Thu 26 Jan 17
Dr Wilkinson was one of the experts who helped Sir Ian on the show and met him in Manchester to explain how his great-great-grandfather Robert Lowes was a Victorian political activist who championed workers’ rights. Robert Lowes secured the first ever half-day holiday for clerks and warehousemen, and campaigned for others to have the same right. As a result he is sometimes described as “the forefather of the modern weekend”.
Dr Wilkinson used archive materials including newspapers of the time to outline how Robert Lowes gave up his job as a clerk to set up a publishing and printing business which also supported his campaigning work – including trying to secure a half-day holiday for ‘needle women’.
Dr Wilkinson said: “The needle women in the 1840s are amongst the most exploited and put upon workers in Britain. These girls worked in the most horrific conditions – in rooms often in the back of shops, which were poorly lit with very little ventilation.

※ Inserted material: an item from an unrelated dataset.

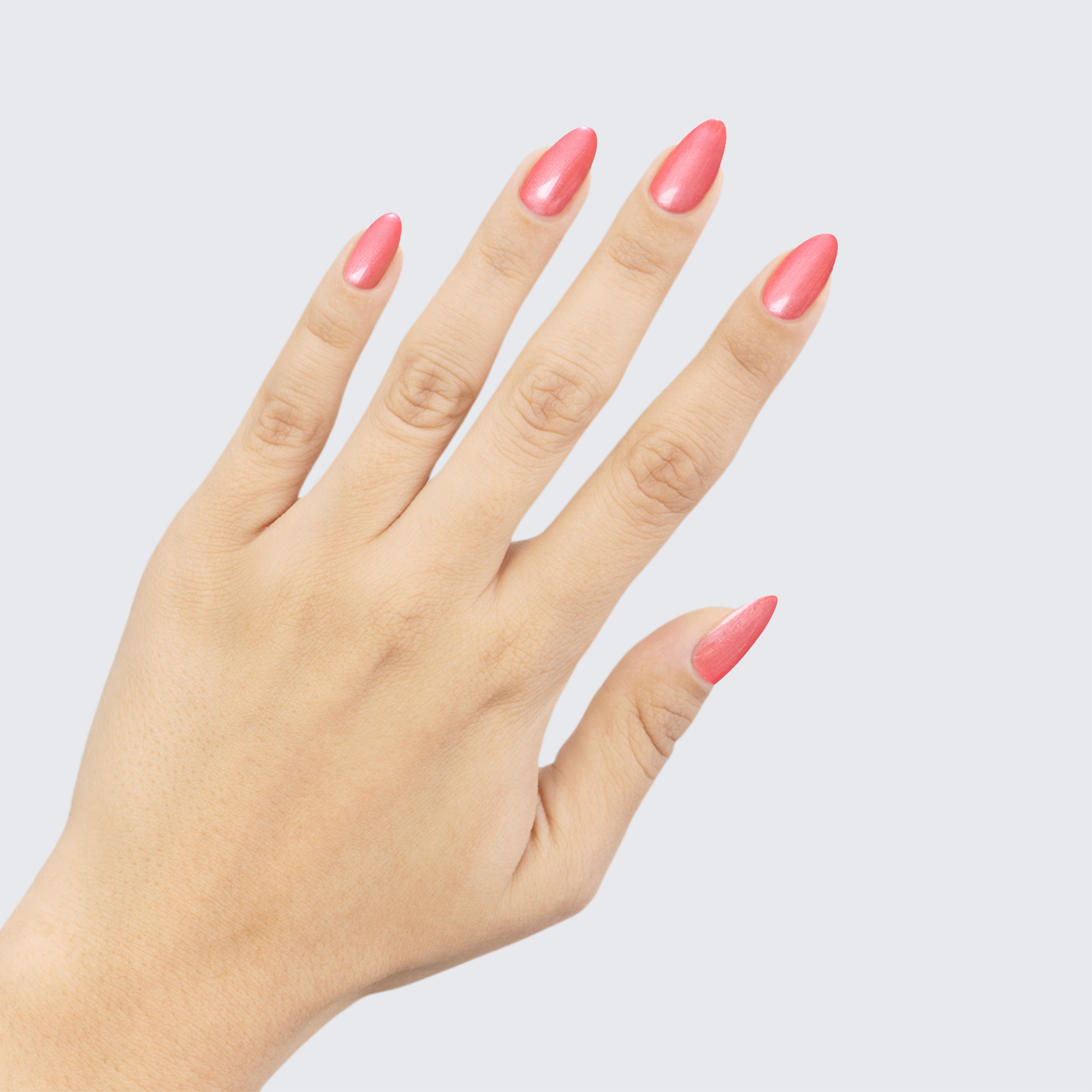 You’ll hold your head higher with this gorgeous, pearly reddish pink on hand.

“They are preparing all these beautiful gowns and amazing hats to be sold in the shops at the front. They are working up to 19 hours a day – even when quite young children – with nothing but a bucket in the corner for their toilet. They work every day and get paid a pittance. These are the women Robert is campaigning for.”
Dr Wilkinson explained how Robert Lowes’ successful campaign inspired similar movements across the country.